There’s a good article in Reason Magazine from 2002 about the New York taxes and cigarette smugglers.
The fact is that as long as there was another state that had an even lower cigarette tax (like North Carolina) even if only a few cents a pack, there was an incentive for gangs to transport truckloads of cigarettes. If every state imposed cigarette taxes as high as that charged by the highest taxing state, all incentive would cease for black market operations.
That just isn’t true. Criminals rarely pay taxes on contraband. They can even get items that are illegal and highly enforced, like heroin and cocaine. They would have no trouble obtaining cigarettes tax-free. Criminals aren’t likely to pay taxes out of a sense of civic duty. Tax it all you want, you won’t stop it, just like making heroin and cocaine illegal hasn’t stopped their use.
Besides, there’s a blatant inconsistency here: above you say that there was a black market for cigarettes without "a significant tax." Here, you say that if the tax were uniform it would remove the incentive for the black market. You can’t have it both ways.

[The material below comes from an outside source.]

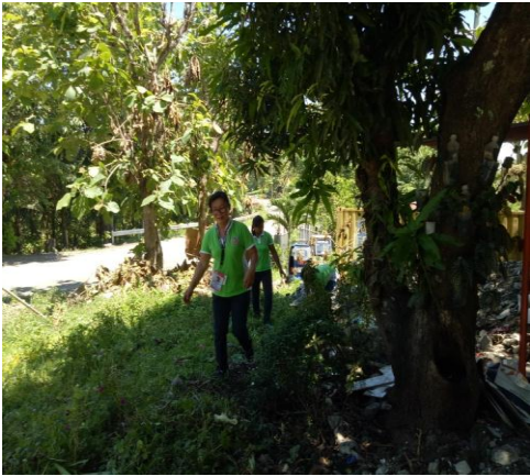
Taken at Prospero G. Bello Integrated Community Hospital where as staff conducts Search and Destroy of possible breeding sites in their premises.

You’ll have to think a little harder if you want to come up with a reasonable argument against raising North Carolina’s cigarette tax. I suggest you start saving your pennies now so you’ll be able to pony up the extra $.50 per pack that will be required to support your habit.
Anyone who knows me will tell you that I don’t smoke–never have, and never will. I’ve also never so much as touched an illegal drug, haven’t had a sip of alcohol since college, and even gave up caffeine a few years ago. Why did you assume that I smoke? Is it just easier to assume that I have a vested personal interest and bias on this issue? Does that make it easier for you to dismiss my arguments? Can anyone say, "Poisoning the Well" fallacy?
The letter is signed, "A Member of the Non-Smoking Majority." Well, I’m a member of the non-smoking majority as well. But I also know that this country is a republic, not a democracy, and the tyranny of majority rule is not supposed to apply here. I hate smoking and everything about it, and try to avoid it as much as possible. But I love freedom more than I hate cigarette smoke.
It’s a shame more people aren’t of that mind. Where is the love of freedom that made our forefathers fight and die for it?